Codex CLI and OpenCode are launched with allowlisted environments and private per app/run HOME/config directories. In production, Codex workspace-write requests run as Codex danger-full-access inside the already-isolated worker environment because Linux sandboxing can be unavailable inside containers.

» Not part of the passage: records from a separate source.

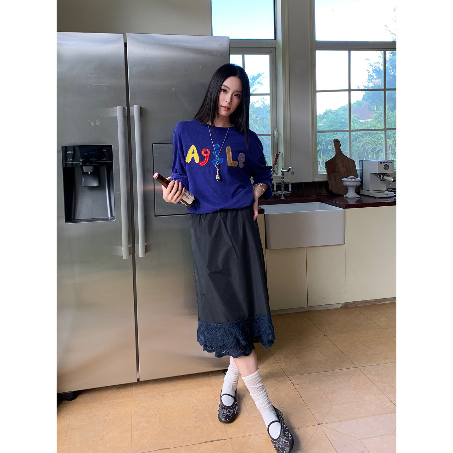 字母贴布绣长袖 SHORT 25早秋新品 设计师品牌 T恤SOLSOL SENTENCE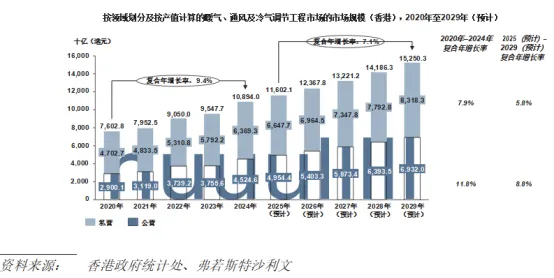 暖气、通风及冷气调节工程是机电工程行业的主要细分领域之一,以产值计算占整体市场规模约15.1%。受市区重建、可持续发展计划及技术进步推动,香港暖气、通风及冷气调节工程的市场规模增长强劲。2024年的市场产出总值达约10,894.0百万港元,2020年至2024年的复合年增长率约9.4%,预期将于2029年进一步增至约15,250.3百万港元,2025年至2029年的复合年增长率微降至约7.1%。私营领域为增长的主要驱动因素,贡献金额由2020年约4,702.7百万港元增至2024年约6,369.3百万港元,期内复合年增长率约7.9%。持续扩张得益于老旧私人楼宇的翻新及现代化改造,尤其是在住宅与商业领域,当中业主╱物业管理人希望提升能源效率,符合室内空气质量(“IAQ”)标准并保持与新开发项目的竞争力。私营领域预计将于2025年至2029年期间按复合年增长率约5.8%增长,并于2029年达约8,318.3百万港元,反映对升级及智能暖气、通风及冷气调节技术的稳定需求。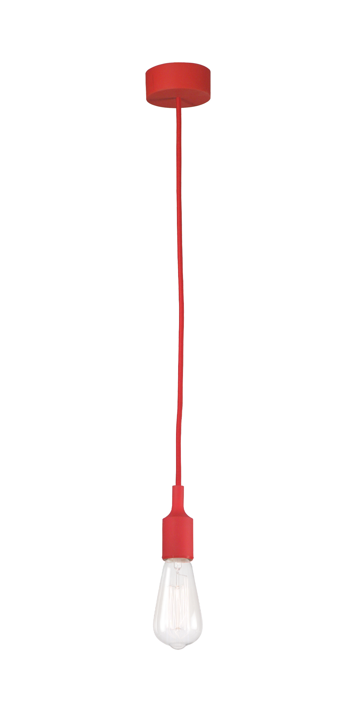 Lampada a sospensione singola con portalampada in silicone e cavo in tessuto, in tinta con la struttura e il rosone. Attacco E27 con lampadina a vista, che consente all’utente di montare una lampadina a sua scelta, personalizzando ulteriormente il prodotto. Proposta nelle finiture bianca, nera, grigia, rossa e gialla.
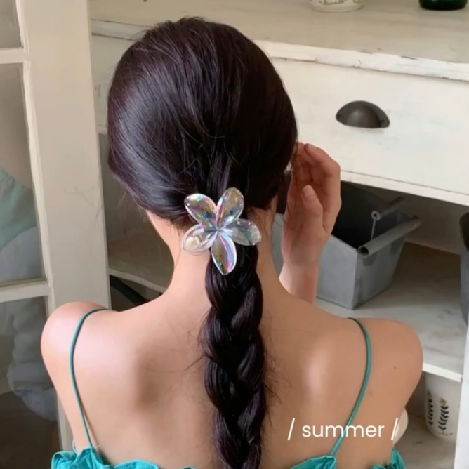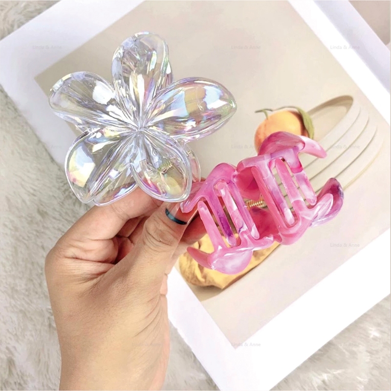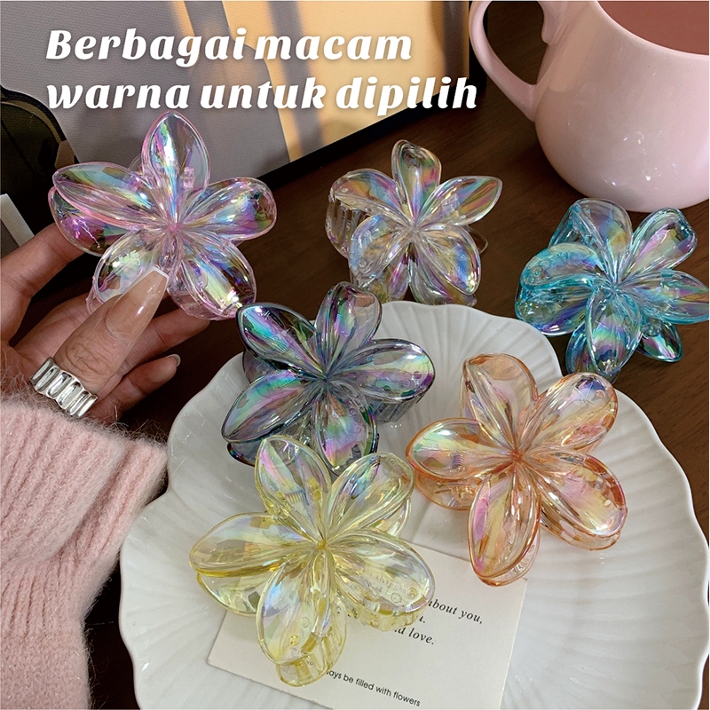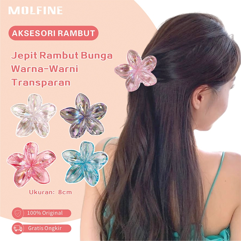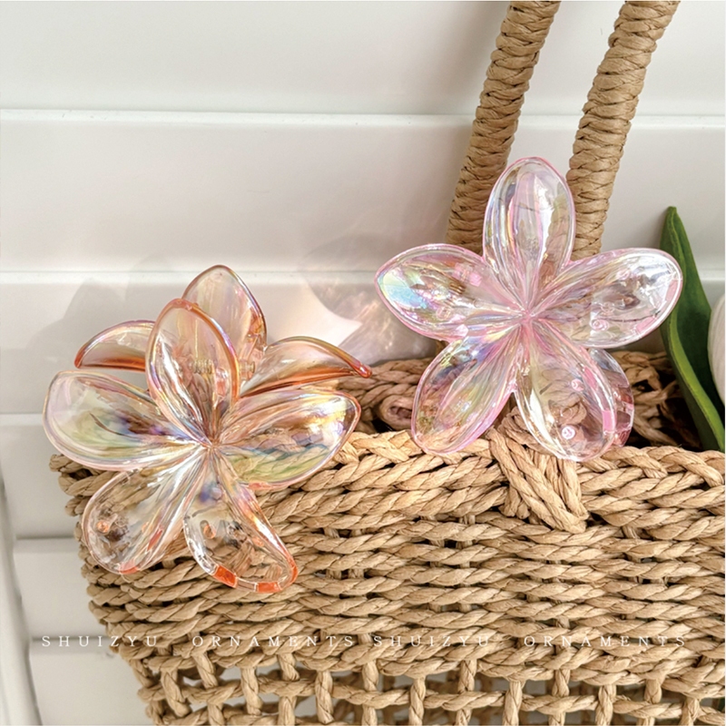 MOLFINE Jepit Rambut Wanita Bunga Kamboja Jepit Rambut Akrilik Liburan Tepi Laut Jepit Rambut Transparan Berwarna-warni 8 CM Jepitan Rambut Anak Perempuan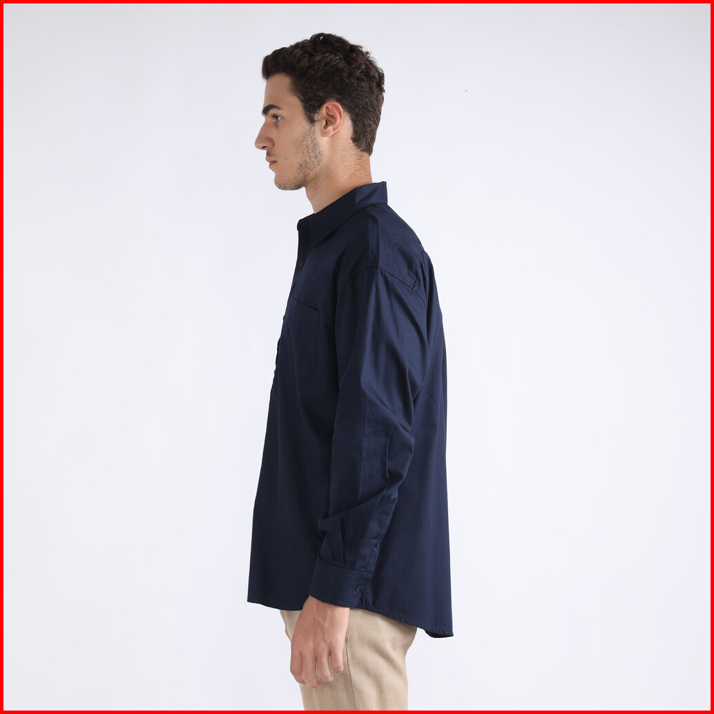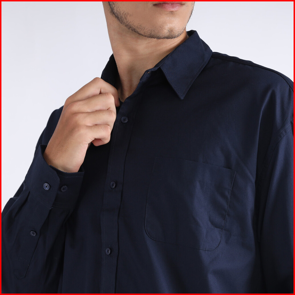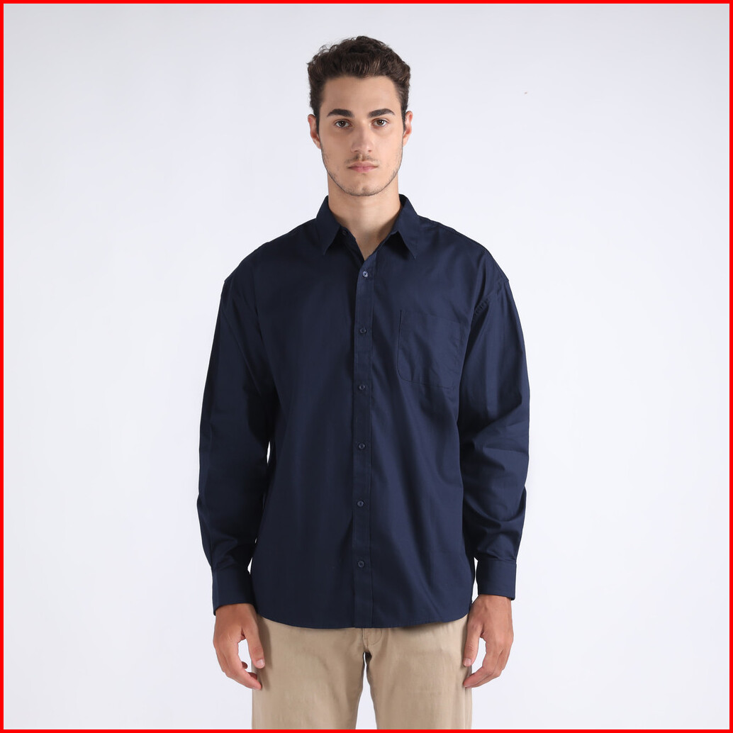Facility By Larusso - Kemeja Pria Basic Poplin Oversize Lengan Panjang - Navy
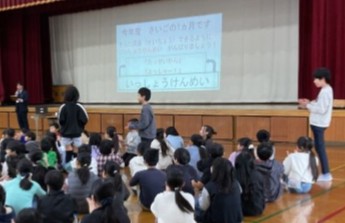 今日の1時間目は朝会でした。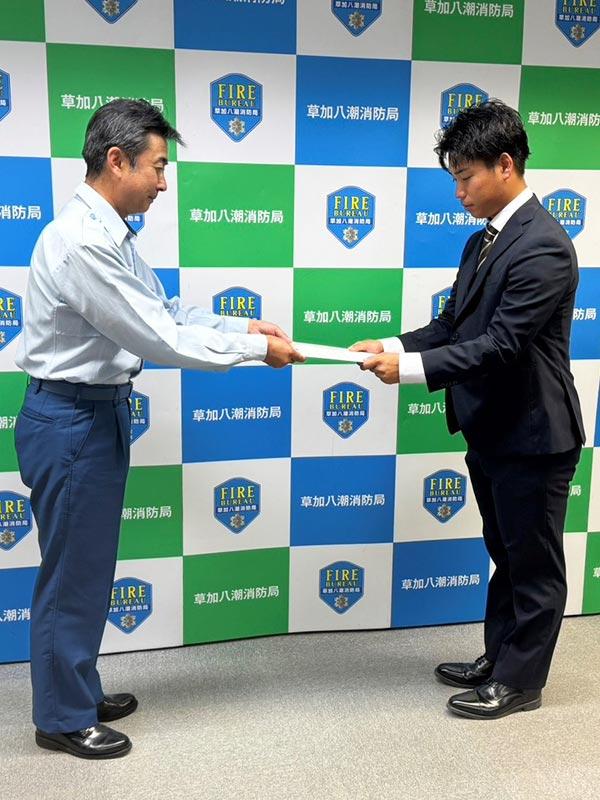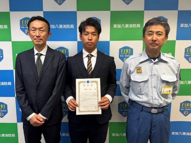 埼玉県東部地域メディカルコントロール協議会から首都医校 救急救命学科の中島学人さんに人命救助の感謝状が贈られました。 交通事故を目撃し、これまでの授業で習得した圧迫止血などの応急手当の知識と技術を活かし、負傷者に対して迅速かつ適切な処置を行いました。現場に駆けつけた救急隊も、学生の初期対応が傷病者の予後改善に大きく寄与したと評価しています。 協議会を代表し草加八潮消防局長南雲仁様は、「たとえ知識があったとしても、それを行動にうつすことは難しい、今回の勇気ある行動に心から感謝いたします」と述べられました。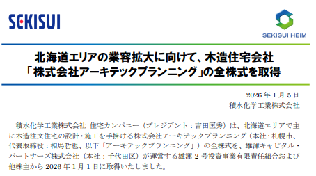 積水化学工業は、北海道エリアにおける住宅事業の業容拡大に向け、木造注文住宅を手掛けるアーキテックプランニングの全株式を取得した。取得日は2026年1月1日。鉄骨ユニット住宅を中心に展開してきた同社は、木造住宅分野を取り込み、地域特性に応じた事業基盤の強化を進める。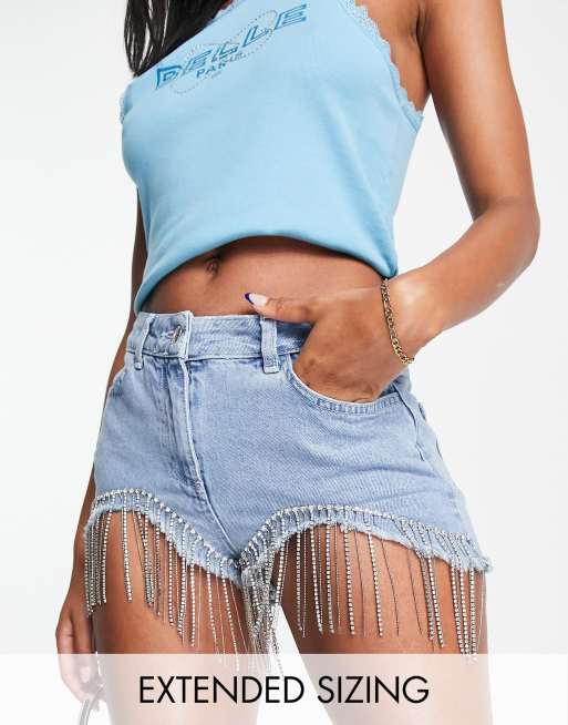 ASYOU waistband denim short co ord with diamante fringe ASOS

Do not rely on CLI permission systems as the only production boundary; deployment-level container/process/network controls are recommended and belong outside this repo.
File structure
apps/worker/
├── package.json
├── Dockerfile
├── tsconfig.json
└── src/
├── index.ts # Hono HTTP server + route handlers + session file I/O
├── session-manager.ts # TTL-based session lifecycle
├── runner.ts # Provider-neutral Second tool handlers + Claude tool wrappers
├── tool-broker.ts # Scoped MCP broker for command-backed runtimes
├── runtimes/ # Claude, Codex CLI, and OpenCode adapters
├── builder-skills.ts # Local Claude skills injected into app workspaces
├── agent-run-manager.ts # Background agent execution with event buffering
├── event-stream.ts # SSE encoding helpers
├── dep-warmup.ts # Background npm install at scaffold time
└── workspace-template.ts # Vite + TS + Shadcn scaffold + SDK (useAgent, useCollection, etc.)
Adding a new runtime
To add another runtime:
- Add its model and parameter metadata to
apps/web/src/lib/agent/runtime-registry.ts.
- Add a worker adapter under
apps/worker/src/runtimes/ and register it in runtimes/index.ts.
- Normalize its JSON/event stream into the canonical worker message shape.
- Expose Second tools through the scoped MCP broker unless the runtime has a safe in-process tool API.
- Add provider detection hints without returning secret values.
- Validate blocking
present_plan and present_agents behavior before enabling it in the picker.